Dizziness or loss of balance is the second most common complaint heard in doctor’s surgery. National Institute of Health (USA) statistics indicate that dizziness will occur in 70% of the population at sometimes in their lives. Dizziness or loss of balance either acute of chronic, may limit a person’s everyday living.
Balance disorders fall into two categories. The first is dizziness, vertigo or motion intolerance that may occur in attacks lasting from seconds to several hours. This condition may be worsened or caused by rapid head movements, turning too quickly or walking. The second is persistent sense of unsteadiness or imbalance. Many people believe that loss of balance and unsteadiness are natural result of aging. In fact, fear of falling is the number one health concern of individuals in their later years.

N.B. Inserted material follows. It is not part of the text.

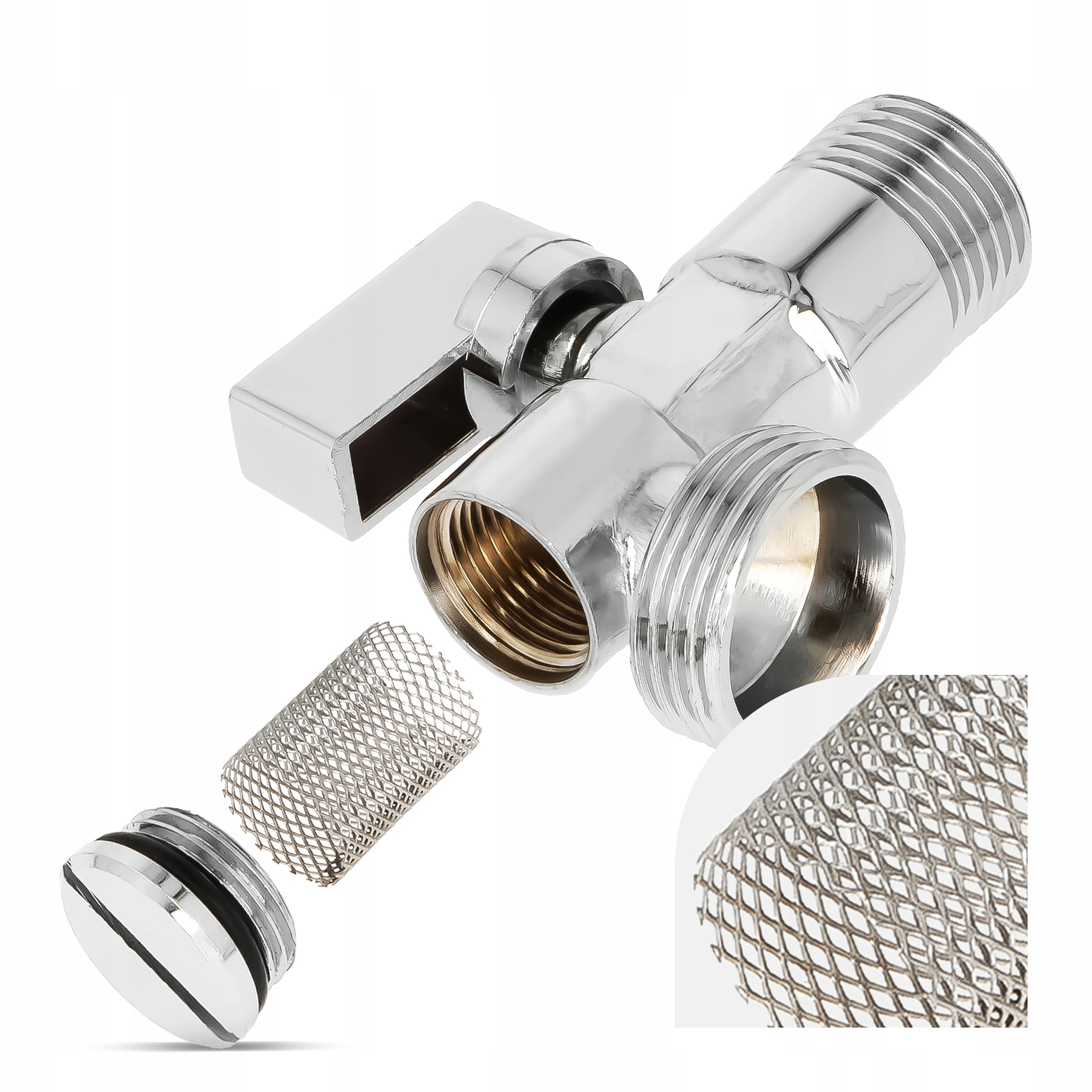 Кран оснащен сетчатым фильтром, задерживающим различные виды примесей. Благодаря этому, обеспечив подачу в стиральную или посудомоечную машину жидкостей хорошего качества, можно не беспокоиться о их случайной поломке.

Inner ear is the primary organ responsible for balance and also for hearing. When there is abnormal increase or decrease in the signal being sent to the brain from any of the balance organs, the brain will perceive this as an exaggeration or hallucination of motion. This results is what we commonly experience dizziness or vertigo.
Dizziness or imbalance can be caused by infection, disease, head trauma or natural aging process which causes changes in the balance organs in the inner ear. Although symptoms may last for several days, if left improperly diagnosed or treated, it may linger for years.
The good news is that diagnosis and treatment options have become more effective over the past few years. According to Johns Hopkins, 85% of all forms of dizziness and imbalance can be helped once a proper diagnosis is made. There is hope for many who once thought there might be no relief.